A esta columna no le gustan las filtraciones de documentos de gobierno. Ni las de Assange o Snowden, ni la reciente de Peniley Ramírez. No critico a los periodistas, sino que creo que no toda la información que se mueve al interior del gobierno debe necesariamente conocerse. Fuera de contexto, parcial, esa información provoca confusión. Seguramente habrá personas que consideren que el derecho a la información va antes que cualquier otra consideración, porque nunca han trabajado en el gobierno, o porque desearían que desapareciese.

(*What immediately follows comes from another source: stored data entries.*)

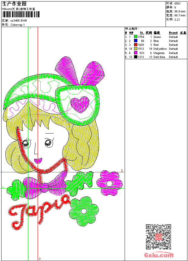 - emb花版参数: 大小:56.50 KB / 尺寸:61*88[毫米] / 针数:6501针 / 线色:6 / 格式:emb / 版本:9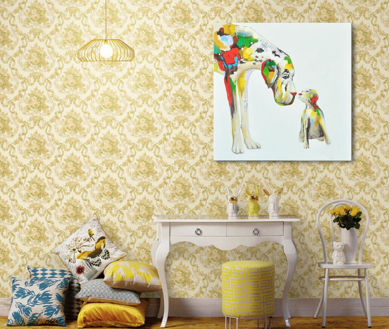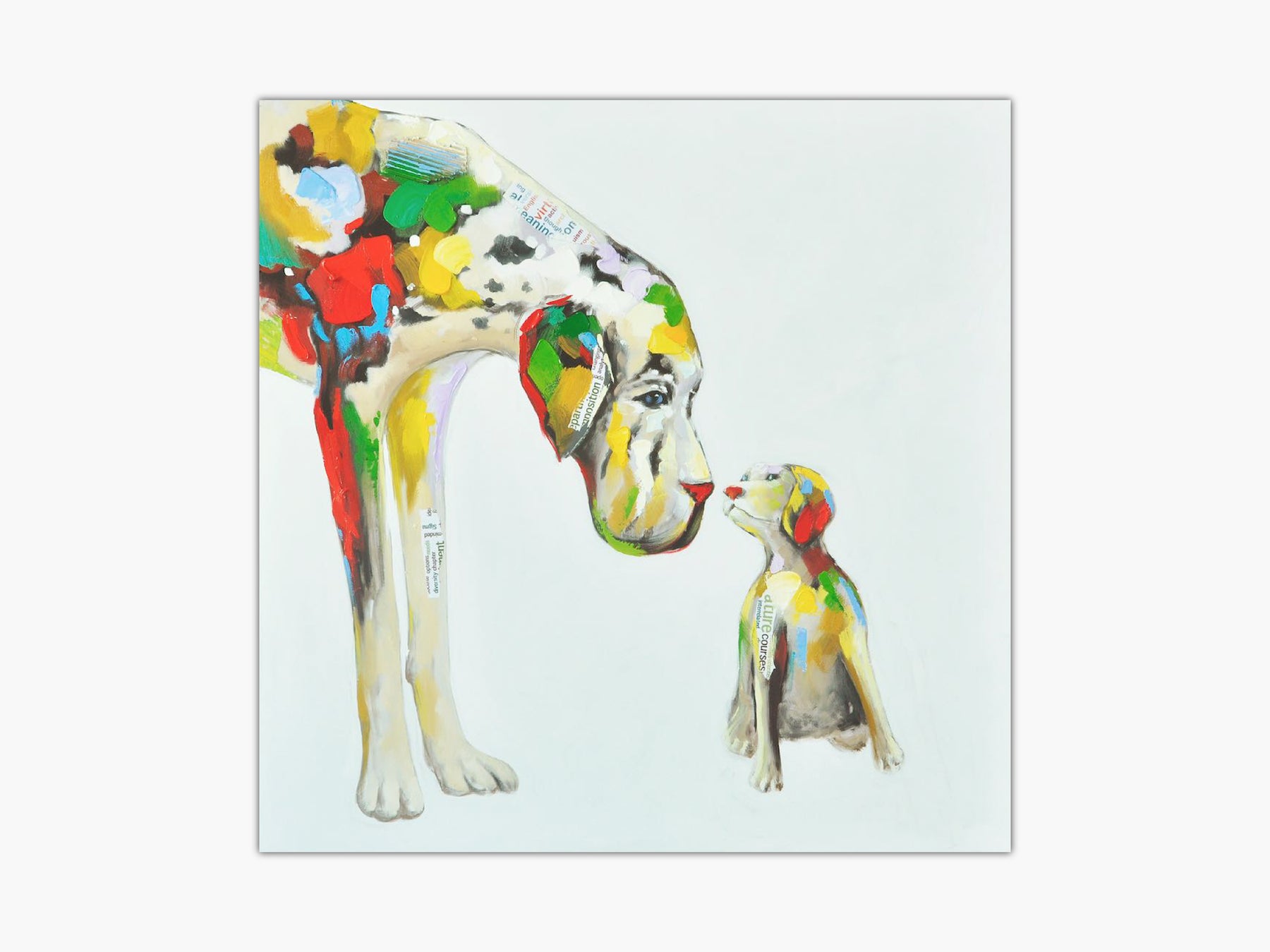 Gentle beauty of two adorable puppies showing love to each other. With simplicity and color play, Adorable Contacts displays the unconditional love between parents and children. Based on white, the sweet moment and dogs are contrasted with blend of vivid colors. Treat your and the eyes of your guests with animal inspired fine art painting.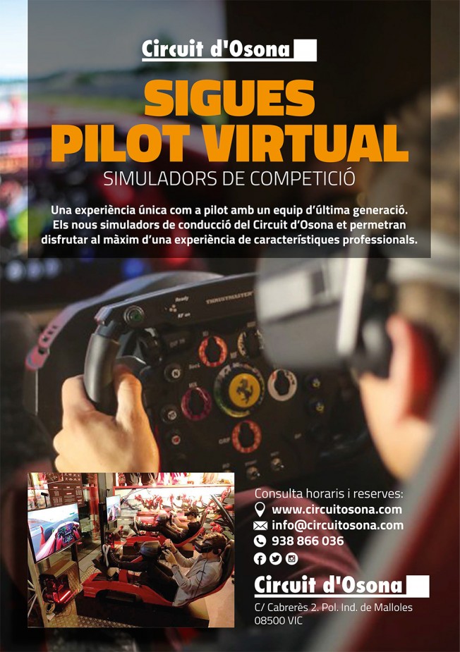 Una experiència única com a pilot amb un equip d'última generació. Els nous simuladors de conducció virtual que hem estrenat al Circuit d'Osona et permetran gaudir al màxim d'una experiència de característiques professionals.

No es el caso de esta columna.
El caos que hay ahora alrededor de la masacre de Iguala de hace ocho años no tiene su origen en la filtración. El origen es el uso político e ideológico de un evento extraordinario del crimen organizado. Se le dio a ese evento la atención que se le negó a mayores masacres en Allende, o San Fernando, por poner ejemplos, debido a que las víctimas provenían de una normal rural, la más emblemática de todas, la Raúl Isidro Burgos, mejor conocida como Normal de Ayotzinapa. De ella egresaron Genaro Vázquez y Lucio Cabañas. El primero, fundador de la Asociación Cívica Nacional Revolucionaria; el segundo, del Partido de los Pobres, y de su Brigada Campesina de Ajusticiamiento.
Como debería saberse, las normales rurales son centros de adiestramiento guerrillero controlados por la Federación de Estudiantes Campesinos Socialistas de México (FECSM), organización semiclandestina que desde hace décadas es sospechosa de tener nexos con el crimen. También es conocido que el Ejército ha ocupado Guerrero desde los tiempos de Rubén Figueroa padre, quien fue secuestrado, durante su campaña a la gubernatura, por Lucio Cabañas. Eran los tiempos de Luis Echeverría (¿le suena?), que no dudó en barrer el estado con los militares, que desde entonces ocupan, literalmente, el territorio.
De todo lo anterior no puede, ni debe, suponerse culpabilidad de nadie. Ni se trata de revictimizar a los jóvenes asesinados, ni de culpar al Ejército, ni necesariamente de responsabilizar a los gobiernos del estado y municipios. Lo que intento con esta muy somera descripción es mostrar que la masacre de Iguala hace ocho años ocurre en la intersección de dinámicas de violencia e infiltración criminal de más de medio siglo. Cualquier investigación seria habría tenido que jalar hebras de un tejido que muy pocos, en realidad, quieren conocer.
Si bajo el gobierno de Peña Nieto se centró la culpa en un grupo criminal que habría asesinado y desaparecido a los jóvenes, evitando profundizar en la red de complicidades que hay en Guerrero, bajo el actual parece que se busca culpar a un destacamento del Ejército, olvidando otra red de complicidades muy cercana a las bases morenistas. Entrar en serio al tema obligaría a explicar el control de partidos “de izquierda” en esa región, desentrañar su relación con los grupos criminales, aclarar la protección militar que supuestamente reciben, identificar a la dirigencia de la FECSM, explicar la razón de ser de las normales rurales, seguir los hilos incluso de los recursos del secuestro de Figueroa que financiaron la compra de Monterrey 50, y que en los años 80 costaron la vida a dos vigilantes del periódico La Jornada, establecer con claridad las conexiones entre esos movimientos y la CNTE, de la que proviene la actual secretaria de Educación…, y mucho más.
Creo que nadie, entre los políticos mexicanos y las Fuerzas Armadas, quiere realmente entender qué ocurrió hace ocho años. Algunos, sin embargo, quisieron usarlo para su beneficio, y hoy les estalla en las manos. Como les ha estallado todo, porque un discurso antisistémico es imposible de sostener desde el poder, no importa el esfuerzo del merolico.
La implosión de los echeverristas es ya un tema de seguridad nacional, como hemos dicho.